I never could, or would and dont ever want to. I really cant understand the people who do, the impulse to do that. I mean really, who would do something like:
QUOTE said:
Oh no, my parents are divorcing and I'm failing history...I want my arm to bleed. That way I know to expect the pain?
Thats probably a bad example, but from the little contact I've had with a person who did, this is pretty much his reason for doing it. Though, in his case, the way he flaunted it to the kids in the backrow and liked to egg the teachers into discussion about it, it made wonder if/ think that this is as much of a fad for some people as it is a genuine problem for others. He didn't seem really troubled to such an extent that cutting himself was necessary or even seemed a tempting way to deal with what he broadcast to be his problems, but hey, I'm not very wise, nor do I know everything.
Everyone is a little different and handles things differently. Personally, I like to get to a place of solitude and write or talk to myself about a situation or a troubling event and try and review and work through it, but when I'm scared or frustrated I tend to get very quiet verbally and just count. I used to bite myself out of boredom when I was young, but I didn't hurt from it and I never drew my own blood. I still do bite my nails in boredom or anxiousness or just for the heck of it though.
Well, theres my 3 cents.
Edit: Oh, and for punching/breaking stuff. I dont break stuff unless I'm just being heavy handed/absentminded. But I did, just once, wreck something. I trashed my whole room when I got very angry with my brother and my parents for taking his side and then, to show I was really mad and meant it, I refused to clean it up. A few days later my sister finally gave in and cleaned up the room (we share the space).
I'll admit that it was oddly satisfying to throw all that stuff off the shelves and sling stuff against the walls but truth be told, I was a little miffed once my anger was spent that I hadn't had the foresight to trash
his room[
.
EDIT:
Also, as for good experiences vs bad try this: I have the ability to recall prominent events in vivid detail, I can recapture both the physical and emotional state of that incident with out too much effort and sometimes I recall bad things without really meaning to. It makes me both angry and worried as it plagues me for a long while after I've thought about it, but I discovered several years ago to pit my good memories against the bad ones as I can summon both to mind at will. You can determine if the good outweighs the bad.
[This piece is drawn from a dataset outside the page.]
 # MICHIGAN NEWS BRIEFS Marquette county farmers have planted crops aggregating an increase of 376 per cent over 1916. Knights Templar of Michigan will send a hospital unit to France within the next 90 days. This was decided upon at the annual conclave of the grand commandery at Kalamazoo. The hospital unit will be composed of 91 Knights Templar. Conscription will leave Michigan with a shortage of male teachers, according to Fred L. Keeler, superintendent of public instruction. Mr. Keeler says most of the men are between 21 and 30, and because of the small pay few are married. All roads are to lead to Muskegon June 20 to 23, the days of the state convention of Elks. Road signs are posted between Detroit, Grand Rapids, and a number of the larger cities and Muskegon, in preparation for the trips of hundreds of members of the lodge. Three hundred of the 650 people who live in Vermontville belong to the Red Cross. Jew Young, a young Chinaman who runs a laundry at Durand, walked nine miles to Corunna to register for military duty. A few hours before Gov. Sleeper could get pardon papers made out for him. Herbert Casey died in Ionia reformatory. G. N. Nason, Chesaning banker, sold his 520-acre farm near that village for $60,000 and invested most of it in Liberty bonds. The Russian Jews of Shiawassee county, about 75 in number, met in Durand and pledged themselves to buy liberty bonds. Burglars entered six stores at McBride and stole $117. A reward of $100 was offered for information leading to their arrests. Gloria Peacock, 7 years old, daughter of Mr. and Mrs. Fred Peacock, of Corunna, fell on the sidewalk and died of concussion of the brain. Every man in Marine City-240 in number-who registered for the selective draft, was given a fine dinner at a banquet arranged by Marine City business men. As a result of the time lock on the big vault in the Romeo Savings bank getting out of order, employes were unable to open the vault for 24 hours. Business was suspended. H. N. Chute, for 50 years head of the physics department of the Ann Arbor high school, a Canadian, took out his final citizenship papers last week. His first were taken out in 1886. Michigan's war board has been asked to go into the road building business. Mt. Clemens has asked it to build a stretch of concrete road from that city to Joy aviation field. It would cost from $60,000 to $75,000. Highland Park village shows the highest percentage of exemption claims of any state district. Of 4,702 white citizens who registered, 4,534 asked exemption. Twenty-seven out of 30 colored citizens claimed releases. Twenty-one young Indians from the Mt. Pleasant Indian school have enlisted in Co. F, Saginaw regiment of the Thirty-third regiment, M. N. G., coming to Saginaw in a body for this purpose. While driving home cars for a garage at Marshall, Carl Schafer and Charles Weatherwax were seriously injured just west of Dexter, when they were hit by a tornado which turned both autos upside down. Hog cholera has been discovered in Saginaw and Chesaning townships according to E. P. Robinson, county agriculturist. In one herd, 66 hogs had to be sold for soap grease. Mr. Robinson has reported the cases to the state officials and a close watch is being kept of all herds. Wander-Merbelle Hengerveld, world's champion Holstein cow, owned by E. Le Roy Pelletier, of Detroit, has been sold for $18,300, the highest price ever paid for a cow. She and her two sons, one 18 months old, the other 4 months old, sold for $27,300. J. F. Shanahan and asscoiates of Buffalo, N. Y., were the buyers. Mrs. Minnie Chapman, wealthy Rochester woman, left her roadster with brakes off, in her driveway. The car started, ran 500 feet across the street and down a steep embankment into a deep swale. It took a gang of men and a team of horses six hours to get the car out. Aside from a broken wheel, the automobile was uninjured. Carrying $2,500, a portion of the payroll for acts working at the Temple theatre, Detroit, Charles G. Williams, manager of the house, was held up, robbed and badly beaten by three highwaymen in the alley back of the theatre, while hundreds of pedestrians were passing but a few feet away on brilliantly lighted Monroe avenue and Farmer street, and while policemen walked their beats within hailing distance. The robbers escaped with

If you indulge that bad memory for several moments first and make your self feel sad, angry and resentful and so on and so forth, then find a memory--positive memory--and revisit it to as much detail as possible, to the point that you even remember what it feels like in your gut to have laughed with that person or to have been glad that this or that person was with you. If that positive memory takes the sting out of the negative one, then you can control that emotion, that memory.
It works for me--I'm a pretty quiet person to those who know me, but a lot goes around me and even if I don't respond or react externally then I have an opinion about it internally. An opinion that I dont/cant discuss aloud and with others for no other reason that I cant bear conversing with others on my own personal matters.